Although there are also criticisms of Vision 2030, mostly related to the lack of diversification and the supposed gap between the official narrative and public freedoms [71], SWB increased in Saudi Arabia in recent years and this change can be explained by several factors that were targeted by Vision 2030. Although no prior studies explored the relationship between Vision 2030 and SWB, our findings are broadly consistent with a recent survey conducted by the Saudi Center for Opinion Polling [72]. The survey was administered to a random sample of 2822 adult Saudis using random digit dialing, achieving approximately 96% mobile phone coverage nationwide. Specifically, respondents were asked to reflect on perceived changes during the first five years of the reform program.
The poll provides a nuanced picture that is in line with our finding that increases in SWB are particularly related to social reforms and improved community basics: while 93% of respondents believe that national conditions improved, only 57% report a corresponding improvement in their personal situation. Perceived progress is most pronounced in domains such as women’s employment (94%), government performance (90%), and entertainment (89%), while people believe that progress with male employment (39%), personal financial condition (30%), and home ownership opportunities (44%) are trailing behind. These findings are also in line with the objective reality that social liberalization was accompanied by modest economic growth in the late 2010s and early 2020s [13]. Where participation of women in the workforce, quality of life, and leisure opportunities expanded significantly, diversification of the economy and foreign investments in the economy were lagging behind.

5.2. Limitations

There are several limitations to our study. First, our results should be cautiously interpreted as they represent conditional associations rather than causal relationships. Moreover, our data only allow for a medium-run assessment. In this regard, it cannot be expected that the reforms happen overnight, and time is needed for some interventions (e.g., economic diversification, female empowerment) to reach their full potential. Likewise, our study is unable to look in detail at regional disparities in SWB within Saudi Arabia.
Second, although our sample is reasonably representative for the Saudi population, it is likely that some groups are underrepresented.
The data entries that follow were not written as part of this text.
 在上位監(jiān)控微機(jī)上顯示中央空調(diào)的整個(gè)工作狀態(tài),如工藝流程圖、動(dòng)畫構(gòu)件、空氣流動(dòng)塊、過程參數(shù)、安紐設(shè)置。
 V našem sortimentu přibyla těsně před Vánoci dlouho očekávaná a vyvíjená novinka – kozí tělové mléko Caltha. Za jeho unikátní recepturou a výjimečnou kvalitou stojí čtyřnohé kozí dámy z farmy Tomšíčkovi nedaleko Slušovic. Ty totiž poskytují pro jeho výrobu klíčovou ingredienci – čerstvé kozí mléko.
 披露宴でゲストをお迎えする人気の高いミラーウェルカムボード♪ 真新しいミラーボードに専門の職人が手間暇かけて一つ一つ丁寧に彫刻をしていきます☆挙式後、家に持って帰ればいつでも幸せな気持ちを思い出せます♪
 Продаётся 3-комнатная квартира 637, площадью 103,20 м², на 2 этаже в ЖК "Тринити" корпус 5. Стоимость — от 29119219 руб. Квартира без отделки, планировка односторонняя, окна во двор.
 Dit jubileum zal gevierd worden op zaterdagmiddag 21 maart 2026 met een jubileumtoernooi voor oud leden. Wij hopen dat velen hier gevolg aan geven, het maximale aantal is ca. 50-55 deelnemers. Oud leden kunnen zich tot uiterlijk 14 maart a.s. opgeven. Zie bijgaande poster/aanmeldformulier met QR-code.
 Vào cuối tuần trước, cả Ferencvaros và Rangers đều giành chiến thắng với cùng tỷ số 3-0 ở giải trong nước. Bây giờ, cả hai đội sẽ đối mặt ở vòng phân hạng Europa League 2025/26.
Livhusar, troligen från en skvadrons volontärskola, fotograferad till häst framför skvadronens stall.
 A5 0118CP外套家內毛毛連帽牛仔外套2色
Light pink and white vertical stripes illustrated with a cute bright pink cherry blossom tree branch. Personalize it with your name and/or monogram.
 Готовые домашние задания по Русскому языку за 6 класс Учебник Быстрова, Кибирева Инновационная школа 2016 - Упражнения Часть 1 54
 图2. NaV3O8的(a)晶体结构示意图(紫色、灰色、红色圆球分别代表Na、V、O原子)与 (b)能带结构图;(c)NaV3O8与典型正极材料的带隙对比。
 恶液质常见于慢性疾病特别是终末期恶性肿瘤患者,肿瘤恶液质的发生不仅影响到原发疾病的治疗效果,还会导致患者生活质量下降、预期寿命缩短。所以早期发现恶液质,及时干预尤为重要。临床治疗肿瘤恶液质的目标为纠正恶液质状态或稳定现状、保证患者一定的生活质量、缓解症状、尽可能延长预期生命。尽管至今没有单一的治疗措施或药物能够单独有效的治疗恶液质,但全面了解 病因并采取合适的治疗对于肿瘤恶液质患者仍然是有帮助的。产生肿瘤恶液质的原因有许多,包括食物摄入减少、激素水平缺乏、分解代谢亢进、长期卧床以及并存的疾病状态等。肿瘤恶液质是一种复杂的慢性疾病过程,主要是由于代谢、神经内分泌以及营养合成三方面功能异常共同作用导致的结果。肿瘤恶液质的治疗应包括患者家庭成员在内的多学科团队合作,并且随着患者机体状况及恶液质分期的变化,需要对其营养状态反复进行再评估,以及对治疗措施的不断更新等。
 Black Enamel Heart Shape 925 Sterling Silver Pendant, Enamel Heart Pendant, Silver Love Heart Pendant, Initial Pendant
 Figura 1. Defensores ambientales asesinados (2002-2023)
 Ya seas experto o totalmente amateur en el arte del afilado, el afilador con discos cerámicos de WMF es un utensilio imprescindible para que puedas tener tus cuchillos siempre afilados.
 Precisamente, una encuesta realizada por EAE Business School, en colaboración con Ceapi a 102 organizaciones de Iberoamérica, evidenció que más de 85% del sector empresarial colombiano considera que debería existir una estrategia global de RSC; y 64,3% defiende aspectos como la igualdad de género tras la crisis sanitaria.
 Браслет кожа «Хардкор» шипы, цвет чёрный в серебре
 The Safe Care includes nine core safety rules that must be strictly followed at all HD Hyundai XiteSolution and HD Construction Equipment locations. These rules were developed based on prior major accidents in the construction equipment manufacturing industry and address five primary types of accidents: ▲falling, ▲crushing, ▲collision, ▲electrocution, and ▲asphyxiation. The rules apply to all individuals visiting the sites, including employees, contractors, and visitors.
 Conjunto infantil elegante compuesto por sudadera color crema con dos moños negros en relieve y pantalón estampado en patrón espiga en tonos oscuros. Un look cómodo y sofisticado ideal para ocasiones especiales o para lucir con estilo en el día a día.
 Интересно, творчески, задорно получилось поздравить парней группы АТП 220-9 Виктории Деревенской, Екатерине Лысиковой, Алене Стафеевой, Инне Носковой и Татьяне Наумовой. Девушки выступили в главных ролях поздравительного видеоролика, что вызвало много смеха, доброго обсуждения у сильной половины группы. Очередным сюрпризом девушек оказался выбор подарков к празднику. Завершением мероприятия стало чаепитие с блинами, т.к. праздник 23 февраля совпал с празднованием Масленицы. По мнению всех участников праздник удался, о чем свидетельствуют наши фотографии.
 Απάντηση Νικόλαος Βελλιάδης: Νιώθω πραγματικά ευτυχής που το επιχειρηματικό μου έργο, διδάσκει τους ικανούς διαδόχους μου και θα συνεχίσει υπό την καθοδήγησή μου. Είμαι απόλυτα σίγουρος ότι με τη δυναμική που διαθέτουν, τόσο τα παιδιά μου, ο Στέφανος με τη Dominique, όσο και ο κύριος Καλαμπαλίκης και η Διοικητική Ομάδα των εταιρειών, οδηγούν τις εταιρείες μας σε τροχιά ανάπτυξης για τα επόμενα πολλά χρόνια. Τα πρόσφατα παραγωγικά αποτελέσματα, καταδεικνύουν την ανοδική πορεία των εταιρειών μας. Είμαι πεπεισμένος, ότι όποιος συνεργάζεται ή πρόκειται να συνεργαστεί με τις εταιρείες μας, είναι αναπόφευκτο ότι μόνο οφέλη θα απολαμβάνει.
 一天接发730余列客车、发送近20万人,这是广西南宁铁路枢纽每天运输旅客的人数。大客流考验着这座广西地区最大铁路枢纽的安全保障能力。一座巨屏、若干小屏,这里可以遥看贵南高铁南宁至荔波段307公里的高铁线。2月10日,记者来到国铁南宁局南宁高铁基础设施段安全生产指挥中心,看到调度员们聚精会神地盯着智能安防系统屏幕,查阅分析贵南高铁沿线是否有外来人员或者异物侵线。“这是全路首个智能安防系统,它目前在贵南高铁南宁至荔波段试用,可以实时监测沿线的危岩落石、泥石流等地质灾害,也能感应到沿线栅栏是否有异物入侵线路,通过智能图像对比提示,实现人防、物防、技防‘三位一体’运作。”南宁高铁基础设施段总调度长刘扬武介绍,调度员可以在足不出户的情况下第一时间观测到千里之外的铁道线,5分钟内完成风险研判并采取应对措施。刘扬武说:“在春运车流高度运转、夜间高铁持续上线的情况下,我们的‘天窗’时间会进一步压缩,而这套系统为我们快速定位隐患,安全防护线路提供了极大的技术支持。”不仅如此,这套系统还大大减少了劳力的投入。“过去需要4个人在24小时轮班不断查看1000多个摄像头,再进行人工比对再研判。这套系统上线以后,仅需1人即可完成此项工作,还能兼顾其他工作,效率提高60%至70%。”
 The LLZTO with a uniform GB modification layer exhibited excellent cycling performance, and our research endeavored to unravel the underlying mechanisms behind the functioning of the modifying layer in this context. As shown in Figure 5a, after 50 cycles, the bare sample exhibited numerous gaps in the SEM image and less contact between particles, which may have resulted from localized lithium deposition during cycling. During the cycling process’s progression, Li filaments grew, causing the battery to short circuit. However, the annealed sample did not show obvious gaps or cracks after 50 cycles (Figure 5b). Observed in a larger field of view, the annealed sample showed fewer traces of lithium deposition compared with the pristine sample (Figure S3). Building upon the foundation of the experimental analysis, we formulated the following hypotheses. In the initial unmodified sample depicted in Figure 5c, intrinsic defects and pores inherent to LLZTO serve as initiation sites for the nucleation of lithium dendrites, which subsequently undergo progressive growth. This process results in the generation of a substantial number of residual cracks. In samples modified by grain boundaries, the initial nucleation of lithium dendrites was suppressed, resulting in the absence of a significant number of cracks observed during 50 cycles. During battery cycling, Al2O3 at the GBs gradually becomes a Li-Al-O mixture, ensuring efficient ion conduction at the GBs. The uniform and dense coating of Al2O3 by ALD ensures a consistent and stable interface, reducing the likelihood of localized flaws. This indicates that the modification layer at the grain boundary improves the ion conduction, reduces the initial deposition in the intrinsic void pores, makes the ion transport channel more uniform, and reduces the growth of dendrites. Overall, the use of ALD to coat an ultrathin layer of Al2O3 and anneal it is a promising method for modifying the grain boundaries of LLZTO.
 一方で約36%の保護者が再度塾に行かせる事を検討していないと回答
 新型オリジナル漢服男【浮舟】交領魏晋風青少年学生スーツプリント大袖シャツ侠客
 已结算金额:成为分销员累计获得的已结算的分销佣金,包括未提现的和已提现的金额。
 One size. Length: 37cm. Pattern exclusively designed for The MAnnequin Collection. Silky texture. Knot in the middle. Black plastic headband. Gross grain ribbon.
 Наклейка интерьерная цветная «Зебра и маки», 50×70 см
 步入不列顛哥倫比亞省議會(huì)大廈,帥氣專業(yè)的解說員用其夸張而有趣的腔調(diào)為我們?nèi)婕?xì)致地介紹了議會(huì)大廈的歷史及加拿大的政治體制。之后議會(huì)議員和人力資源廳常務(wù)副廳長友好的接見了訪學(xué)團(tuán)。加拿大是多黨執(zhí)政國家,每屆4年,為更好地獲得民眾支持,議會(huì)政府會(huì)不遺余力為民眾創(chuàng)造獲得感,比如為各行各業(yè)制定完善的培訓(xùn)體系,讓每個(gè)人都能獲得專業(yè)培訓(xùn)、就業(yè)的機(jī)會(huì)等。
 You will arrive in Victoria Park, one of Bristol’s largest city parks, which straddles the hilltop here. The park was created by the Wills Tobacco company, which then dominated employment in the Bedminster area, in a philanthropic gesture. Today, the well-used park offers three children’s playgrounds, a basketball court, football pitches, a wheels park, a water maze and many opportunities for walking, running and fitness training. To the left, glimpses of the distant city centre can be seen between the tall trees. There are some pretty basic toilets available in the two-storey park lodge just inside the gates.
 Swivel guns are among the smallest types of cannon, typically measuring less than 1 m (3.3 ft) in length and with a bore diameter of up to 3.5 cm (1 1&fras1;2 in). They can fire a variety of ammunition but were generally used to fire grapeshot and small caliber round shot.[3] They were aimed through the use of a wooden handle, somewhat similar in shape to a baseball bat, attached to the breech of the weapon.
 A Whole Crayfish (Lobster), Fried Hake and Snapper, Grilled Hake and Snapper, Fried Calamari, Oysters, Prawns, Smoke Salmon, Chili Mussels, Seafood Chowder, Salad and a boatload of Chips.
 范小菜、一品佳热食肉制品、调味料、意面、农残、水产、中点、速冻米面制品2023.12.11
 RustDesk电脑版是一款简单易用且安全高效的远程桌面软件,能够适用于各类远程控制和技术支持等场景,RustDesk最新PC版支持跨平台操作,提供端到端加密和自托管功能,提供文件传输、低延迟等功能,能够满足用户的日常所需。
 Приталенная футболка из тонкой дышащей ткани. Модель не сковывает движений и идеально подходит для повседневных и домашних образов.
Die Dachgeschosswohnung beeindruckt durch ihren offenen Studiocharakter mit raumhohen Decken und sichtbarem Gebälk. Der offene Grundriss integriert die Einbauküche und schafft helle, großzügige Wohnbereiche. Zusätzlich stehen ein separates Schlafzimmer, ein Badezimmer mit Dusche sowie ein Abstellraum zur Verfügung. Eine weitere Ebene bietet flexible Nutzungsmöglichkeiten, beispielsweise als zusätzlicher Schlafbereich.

Although GWP intends to include both Saudi nationals and migrants in its sampling frame, it is likely that low-education migrants are underrepresented due to limited phone access, inaccessible housing, fear of surveys, and language mismatches (i.e., the survey not available in a language they understand). In addition, we acknowledge limitations of relatively small sample sizes in capturing the subgroup dynamic.
The third and the most significant limitation of this study is that, due to a lack of more granular data, the impact of Vision 2030 was estimated using a dummy variable, using the official implementation date of Vision 2030 as the starting point of the program. Despite our results when controlling for COVID-19 and oil-related shocks, Vision 2030 represents a complex, multi-dimensional initiative that unfolds progressively across a wide range of policy areas. Moreover, many reforms, such as the decree allowing women to drive, were announced and implemented at different times. Although our binary approach offers a useful starting point for detecting general trends, future research should employ reform-specific timelines to more accurately identify and attribute policy effects.
A final and related limitation of this study is that it does not allow for an examination of the effects of specific initiatives under Saudi Vision 2030. As stated, Vision 2030 is a multi-faceted program and a greater differentiation between types of reforms (e.g., legal, educational, and infrastructural) could also help us to find out what works for whom under which circumstances. In this regard, future field experiments and policy evaluation studies in Saudi Arabia could address these issues and further investigate the impact of these reforms steering Saudi Arabia to a more socially sustainable society. Qualitative research could in this regard also help to better understand changes in SWB and what is important for people’s SWB, e.g., [73].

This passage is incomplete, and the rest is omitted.